The FDA accepts the first oral drug to lower blood for children


(HealthDay): The first oral drug to lower blood for children was approved by the U.S. Food and Drug Administration, the agency announced Monday.

Pradaxa oral granules (dabigatran etexilate) were approved for treatment with children from 3 months to 12 years (VTE) directly after treatment with an injectable anticoagulant for at least five days. The tablets were also approved to prevent recurrent clots among children in this age group who have completed treatment for their first VTE. The capsule form of Pradaxa was also approved for these indications in patients from 8 years of age.

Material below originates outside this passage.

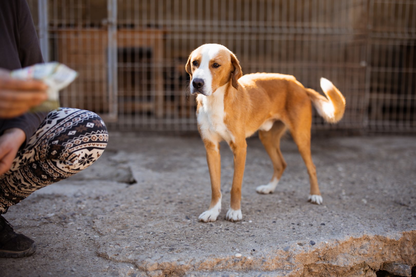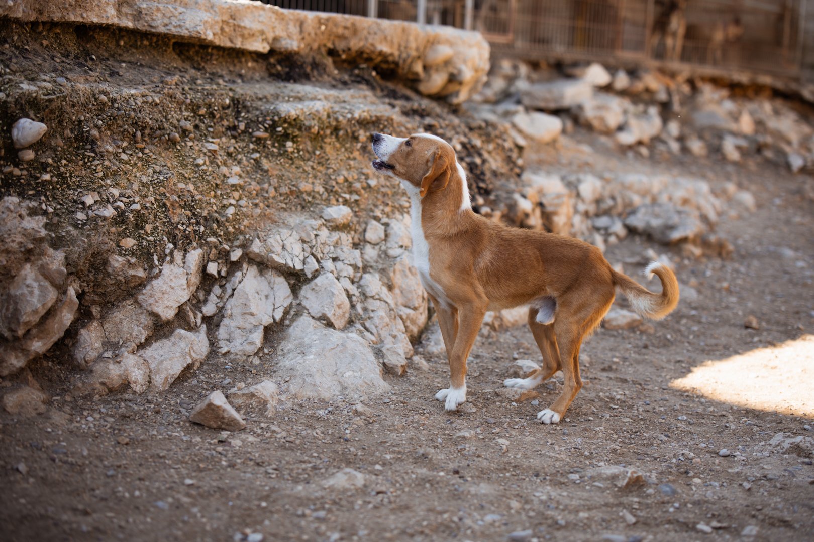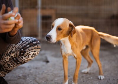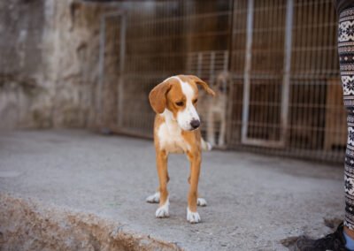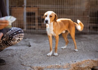 Der charmante braun-weiße Mischlingsrüde Sami ist auf der Suche nach einem liebevollen Zuhause. Unsere Tierschützer entdeckten den ausgesetzten Rüden allein an einer Straße, auf den ersten Blick war ihnen direkt klar, wie sehr er leiden musste – sein Körper war überall von Zecken befallen, zudem war er klapperdürr. Glücklicherweise konnte Sami schnell ins Tierheim gebracht werden, wo er umfassend versorgt und von den lästigen Parasiten befreit wurde.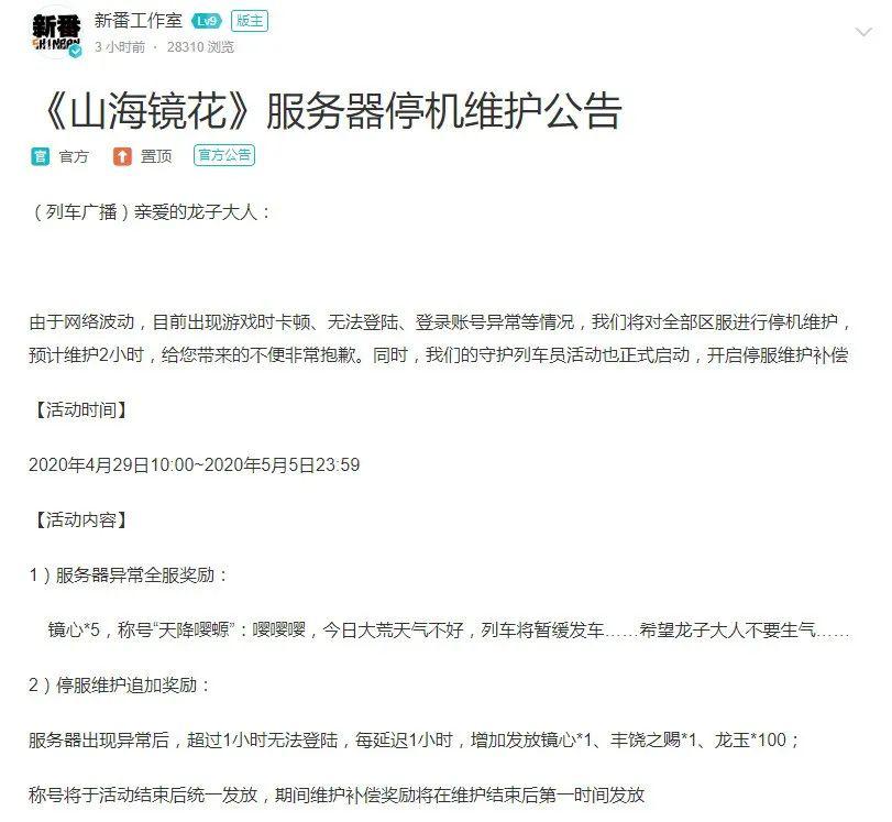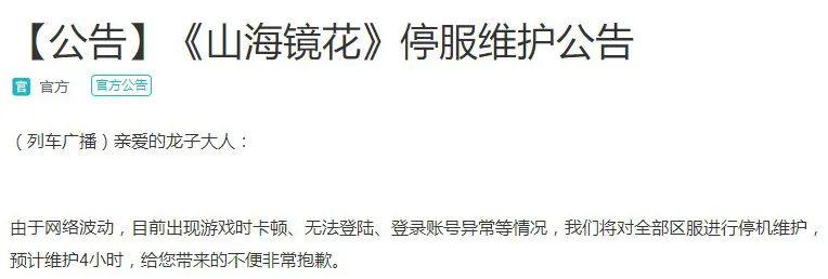 然而,《山海镜花》的开局并不顺利。中午12点左右,官方宣布「因网络波动,需停机维护2小时」,并表示将赠送5枚镜心,每延迟1小时加赠1枚。(1枚镜心可抽卡1次)

Approval was based on safety and efficacy data from an open-label study of 267 who were randomly assigned to receive Pradaxa or standard of care. 45.8% of patients randomly assigned to Pradaxa and 42.2% of patients randomly assigned to standard care reached the endpoint of non-recurrence of blood clots, major and minor bleeding, or death. . Safety data were derived from an open-label single-arm study of 214 patients with a history of blood clots. Recurrence of blood clots occurred in three patients (1.4 percent), which was comparable to that observed with standard care.

The most common side effects of Pradaxa were symptoms of the digestive system and bleeding. The FDA notes that the drug can also cause severe and fatal bleeding. Not recommended in patients with heart valve bioprosthesis or triple positive antiphospholipid syndrome. A boxed warning on the prescription label warns that early discontinuation of treatment could increase the risk of suffering from it .

Approval was granted to Boehringer Ingelheim.